By offering flexibility, businesses can attract talent they may not have been able to before, including mothers who want to return to work, older workers who would prefer to work part-time, and neurodiverse candidates who work better outside of the traditional office nine-to-five.  

According to Zoe Forman, Senior Marketing Operations Specialist (EMEA), MSA – The Safety Company, flexibility is key when it comes to supporting a diversity of female talent. And our other female leaders were in agreement.  

“Offering remote and flexible working options can greatly accommodate diverse female perspectives, whether it’s balancing childcare or caring for ageing parents,” explains Zoe.  

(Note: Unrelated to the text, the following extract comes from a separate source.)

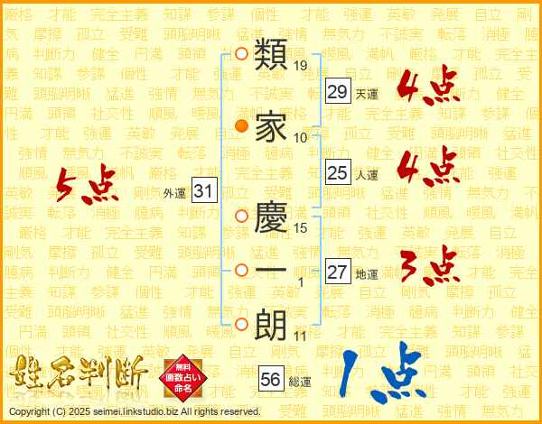類家慶一朗さんの外運は31画の5点!

Zoe Collins, Group Finance Director at Bluprintx, underlined the importance of providing that flexibility all-round, not just for mums. “My husband is also dedicated to his career but he was up for the challenge of sharing my maternity leave with both children,’ she explains.  

“I’m very lucky that,  a) we both wanted that and b) we had the opportunity with the shared parental leave policy in the UK. Any company offering enhanced maternity should think about offering to both men and women.” 

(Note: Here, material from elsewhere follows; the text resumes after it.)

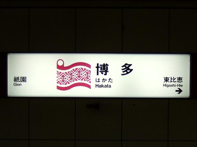【福岡市地下鉄博多駅の駅名標】

Dr. June Dennis, Managing Director and Marketing Strategy Coach of Mountain Top Perspectives Ltd, agrees that flexible working does help. “It’s still difficult for women to move into senior management roles as the requirement to attend meetings at non-child-friendly times can be hard work. When I became associate dean, I had to attend a weekly meeting with the VC that started at 8am, which meant leaving home at 7am or earlier. That meant I had to rely on others to take my children to school or breakfast club.  

“That said, given the flexibility that lecturers have when they are not teaching, I was able to get to most school events when my kids were young, which I valued. Hopefully, flexible working does help to some extent.”  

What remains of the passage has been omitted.